From: Nishanth Aravamudan <nacc@us.ibm.com>
To: Luca Maranzano <liuk001@gmail.com>
Cc: "LinuxVirtualServer.org users mailing list."
<lvs-users@linuxvirtualserver.org>,
netdev@oss.sgi.com
Subject: Re: ipvs_syncmaster brings cpu to 100%
Date: Mon, 26 Sep 2005 10:51:12 -0700 [thread overview]
Message-ID: <20050926175112.GF7532@us.ibm.com> (raw)

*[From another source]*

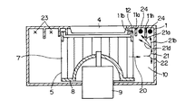 以上に述べた第1の実施の形態において、モータ9によって遠心多翼ファン5が回転して送風するときの風の流れについて、図3、図4を用いて説明する。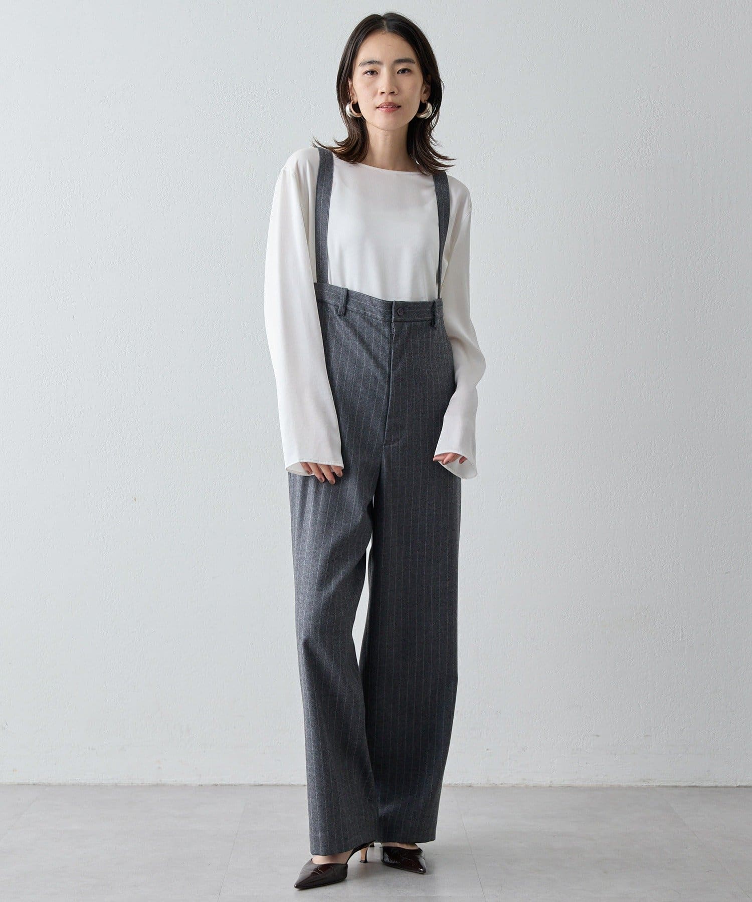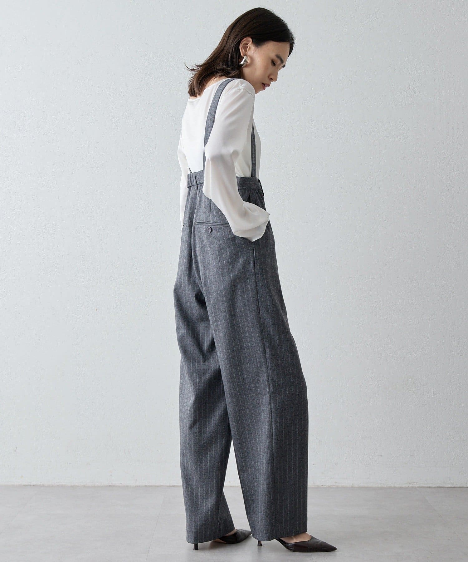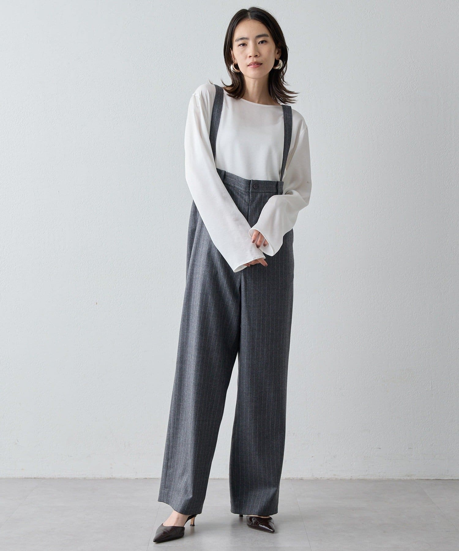 脚長効果が嬉しい、大人のサロペットワイドパンツ

In-Reply-To: <68559cef05092607441dd8e961@mail.gmail.com>
On 26.09.2005 [16:44:09 +0200], Luca Maranzano wrote:
> On 26/09/05, Nishanth Aravamudan <nacc@us.ibm.com> wrote:
> > On 26.09.2005 [15:52:02 +0200], Luca Maranzano wrote:
> > > On 26/09/05, Nishanth Aravamudan <nacc@us.ibm.com> wrote:
> > > > On 26.09.2005 [17:12:32 +0900], Horms wrote:
> > > > > On Mon, Sep 26, 2005 at 05:05:10PM +0900, Horms wrote:
> > > > >
> > > > > [snip]
> > > > >
> > > > > > > > > > Furthermore, if I make an "rgrep" in the source tree of kernel 2.6.12
> > > > > > > > > > the function schedule_timeout() is more used than the ssleep() (517
> > > > > > > > > > occurrencies vs. 43), so why in ip_vs_sync.c there was this change?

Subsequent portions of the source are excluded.